> Work instruction
Take every record and write it out again exactly, with no images included.

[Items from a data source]
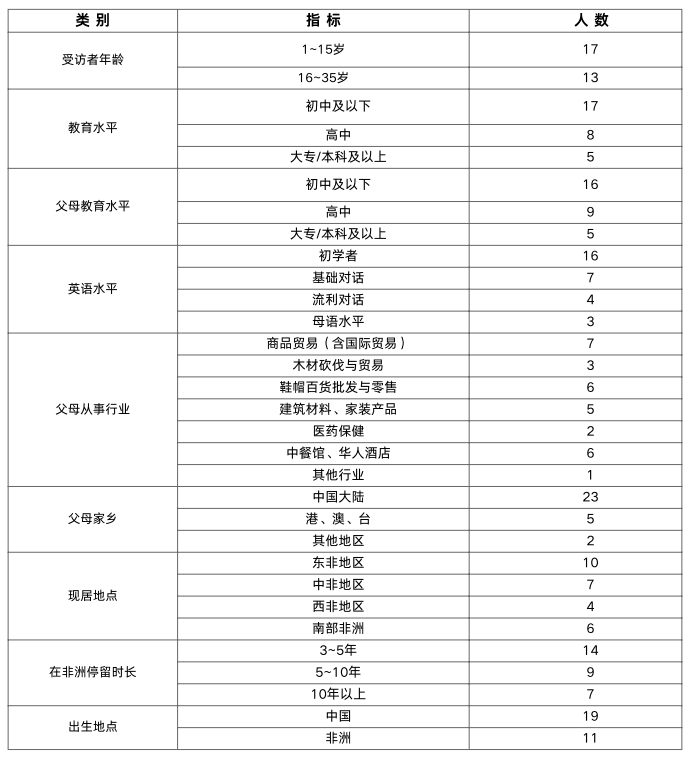 本文资料来源于2018年5月至2023年4月笔者对非洲华商新生代进行的跟踪观察,并对30位非洲华商新生代(及其父母)进行了半结构式访谈。资料搜集方法主要通过网络访谈与国内线下访谈相结合的方式,并通过滚雪球的方式获得受访对象。受访者年龄为35岁以下(15岁以下由其父母代为接受访谈),受教育程度包括小学、初中、高中、大学本科及以上各层次。受访者父母所从事的行业包括商品贸易、木材砍伐与贸易、鞋帽百货、建筑材料、家装产品、医药保健、中餐馆、华人酒店等,他们父母赴非洲的时间为1986年至2016年,而2000年以后到达非洲的人数相对更多,他们父母的教育背景以初中、高中为主。
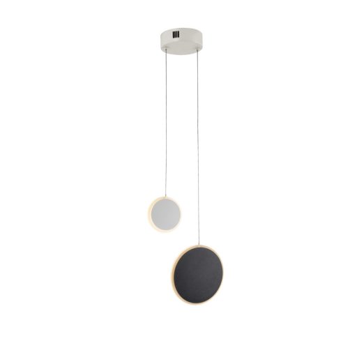 Dekorációs függeszték lámpa egy fehér és egy fekete korong alakú fejjel. A korong feremén található acryl búrán keresztül meleg fehér színhőmérsékletű beépített LED fényforrás világít. A lámpa felszerelésekor a belógás állítható 40-120cm között.
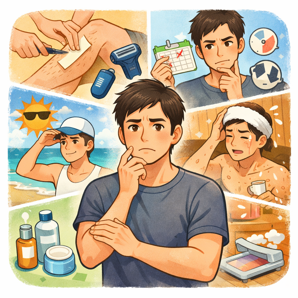 対策:当日はぬるめのシャワー中心に。運動やサウナは控え、肌を落ち着かせるのを優先しましょう。
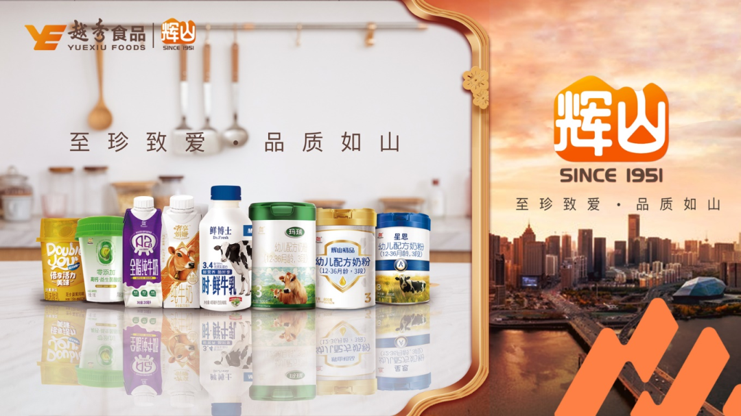2022年12月31日,越秀辉山正式启动品牌焕新工作,发布以“映日辉山”为主题、越秀橙为主色调的全新LOGO。通过更加灵动、简约、年轻化的设计风格和视觉效果,为71年品质传承的老牌乳企注入新活力。同时发布“至珍致爱,品质如山”的全新品牌理念。全新品牌标识将于2023年1月1日正式启用,未来,越秀辉山将用珍稀奶源打造的高品质产品献给最爱的消费者。
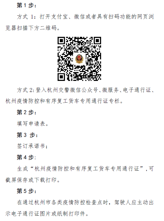 | 杭州已办理复工货车电子通行证2万余张 交警奉上通行证申请和使用流程 |
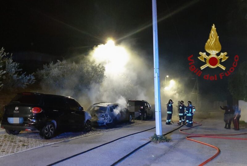 Erano da poco passate le ore 02,30 quando una squadra dei Vigili del Fuoco di Pescara ed una del Distaccamento volontari di Montesilvano sono intervenuti per l’ incendio di nove autovetture in Via Chiappinello a Montesilvano Colle. Le automobili, alcune delle quali di lusso, erano parcheggiate in via Chiappinello, e, da quanto si è appreso, erano state sottoposte a sequestro a seguito di un procedimento penale. Dai primi accertamenti è stata riscontrata l’origine dolosa delle fiamme. Sul posto sono intervenuti oltre ai Vigili del Fuoco anche i Carabinieri di Montesilvano che hanno trovato un contenitore con della benzina.

> Answer to the problem
 本文资料来源于2018年5月至2023年4月笔者对非洲华商新生代进行的跟踪观察,并对30位非洲华商新生代(及其父母)进行了半结构式访谈。资料搜集方法主要通过网络访谈与国内线下访谈相结合的方式,并通过滚雪球的方式获得受访对象。受访者年龄为35岁以下(15岁以下由其父母代为接受访谈),受教育程度包括小学、初中、高中、大学本科及以上各层次。受访者父母所从事的行业包括商品贸易、木材砍伐与贸易、鞋帽百货、建筑材料、家装产品、医药保健、中餐馆、华人酒店等,他们父母赴非洲的时间为1986年至2016年,而2000年以后到达非洲的人数相对更多,他们父母的教育背景以初中、高中为主。
 Dekorációs függeszték lámpa egy fehér és egy fekete korong alakú fejjel. A korong feremén található acryl búrán keresztül meleg fehér színhőmérsékletű beépített LED fényforrás világít. A lámpa felszerelésekor a belógás állítható 40-120cm között.
 対策:当日はぬるめのシャワー中心に。運動やサウナは控え、肌を落ち着かせるのを優先しましょう。
2022年12月31日,越秀辉山正式启动品牌焕新工作,发布以“映日辉山”为主题、越秀橙为主色调的全新LOGO。通过更加灵动、简约、年轻化的设计风格和视觉效果,为71年品质传承的老牌乳企注入新活力。同时发布“至珍致爱,品质如山”的全新品牌理念。全新品牌标识将于2023年1月1日正式启用,未来,越秀辉山将用珍稀奶源打造的高品质产品献给最爱的消费者。
 | 杭州已办理复工货车电子通行证2万余张 交警奉上通行证申请和使用流程 |
 Erano da poco passate le ore 02,30 quando una squadra dei Vigili del Fuoco di Pescara ed una del Distaccamento volontari di Montesilvano sono intervenuti per l’ incendio di nove autovetture in Via Chiappinello a Montesilvano Colle. Le automobili, alcune delle quali di lusso, erano parcheggiate in via Chiappinello, e, da quanto si è appreso, erano state sottoposte a sequestro a seguito di un procedimento penale. Dai primi accertamenti è stata riscontrata l’origine dolosa delle fiamme. Sul posto sono intervenuti oltre ai Vigili del Fuoco anche i Carabinieri di Montesilvano che hanno trovato un contenitore con della benzina.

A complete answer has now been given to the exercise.